States would set own rules under Trump emissions plan

From Power Magazine

A report from POLITICO says the Trump administration’s rollback of the Obama-era Clean Power Plan (CPP) would give individual states more leeway to set their own rules governing emissions from power plants.

POLITICO, which covers politics and policy both in the U.S. and internationally, said its review of a draft document, and information from a source who has read other parts of the draft, shows the administration would offer regulations that “would do far less to reduce the greenhouse gas emissions that are warming the planet.”

POLITICO’s report released on August 14 says the Environmental Protection Agency (EPA) has acknowledged that carbon emissions and other pollutants from power plants would be higher under the new proposal.

The Clean Power Plan was designed as a way to move the U.S. away from coal-fired power generation and toward less-polluting sources such as wind, solar, and natural gas, as it sought to cut U.S. carbon dioxide emissions to 32% below 2005 levels by 2030. It was proposed by Obama’s EPA in June 2014, with a final version of the plan published in the Federal Register in October 2015.

Challenges to the CPP

The plan was immediately challenged by several lawmakers on Capitol Hill, and within days of being published 27 states—mostly those dependent on coal-fired power and the coal industry—petitioned the U.S. Court of Appeals for the District of Columbia Circuit for an emergency stay.

Detractors argued the costs of the CPP would outweigh its benefits.
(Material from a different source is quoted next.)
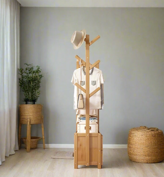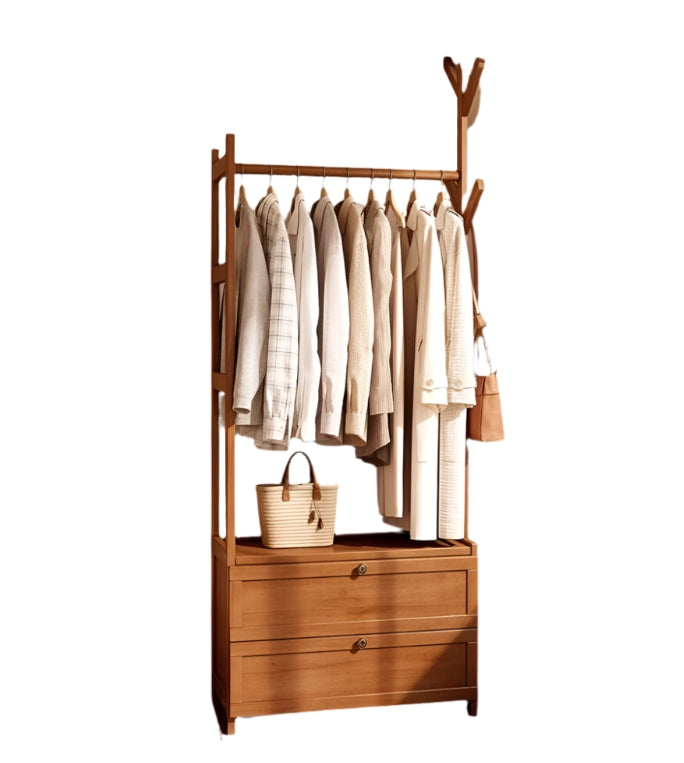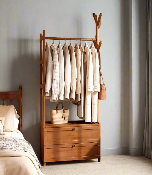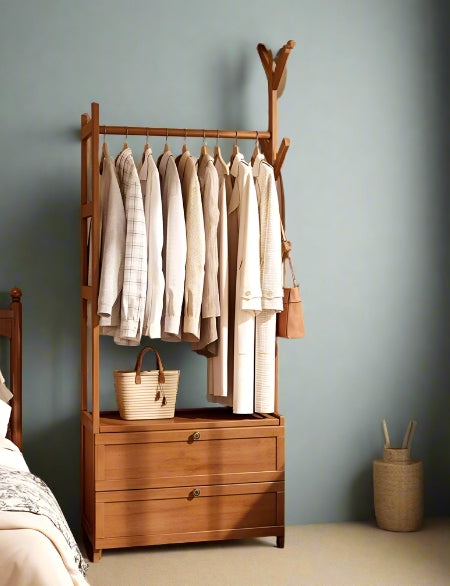 Organize your wardrobe with this heavy-duty bamboo clothes rail rack, designed to offer both style and storage. Featuring a natural bamboo finish, this open wardrobe includes a sturdy hanging rod, two integrated drawers, and top hat hooks—perfect for hanging clothes, trousers, bags, and accessories. The open design ensures easy access to your items, while the compact structure makes it ideal for bedrooms, dressing rooms, or entryways. Eco-friendly, durable, and elegant, it’s a practical solution for modern storage.

Jordan McGillis, a policy analyst for the Institute for Energy Research in Washington, D.C., in a commentary in POWER magazine in December 2017 said the CPP would increase electricity costs for U.S. consumers and would have “a negligible effect on global warming.”
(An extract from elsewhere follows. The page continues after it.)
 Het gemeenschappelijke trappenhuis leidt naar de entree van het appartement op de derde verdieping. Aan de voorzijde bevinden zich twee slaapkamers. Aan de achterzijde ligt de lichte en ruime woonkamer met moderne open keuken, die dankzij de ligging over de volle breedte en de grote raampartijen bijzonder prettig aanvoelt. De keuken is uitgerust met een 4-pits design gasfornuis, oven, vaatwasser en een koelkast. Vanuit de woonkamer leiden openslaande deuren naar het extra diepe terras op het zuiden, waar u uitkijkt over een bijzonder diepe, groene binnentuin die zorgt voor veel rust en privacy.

The U.S. Supreme Court issued a stay against the rule in February 2016, ordering the rule not be implemented until the merits of the case against it were decided. A decision in the case has not been reached and the CPP has never taken effect.
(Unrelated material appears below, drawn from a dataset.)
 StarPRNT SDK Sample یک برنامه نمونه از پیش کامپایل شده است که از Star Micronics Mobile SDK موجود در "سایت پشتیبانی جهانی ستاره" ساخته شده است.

Trump has been a vocal opponent of the CPP. Scott Pruitt, his EPA administrator who stepped down earlier this year amid investigations into alleged ethics violations, sued the agency over the rule during his time as Oklahoma’s attorney general. The president during his campaign said he would rescind the rule and also pull the U.S. out of the Paris climate agreement, which he has done.

Janet McCabe, a senior law fellow with the Environmental Law & Policy Center who oversaw air regulations for Obama’s EPA, told POLITICO that Trump’s proposal would be “another, more official, sign that the government of the United States is not committed to climate policy.” McCabe said based on her knowledge of the proposal, it would offer “a significant amount of discretion to states to decide that nothing at all needs to be done.”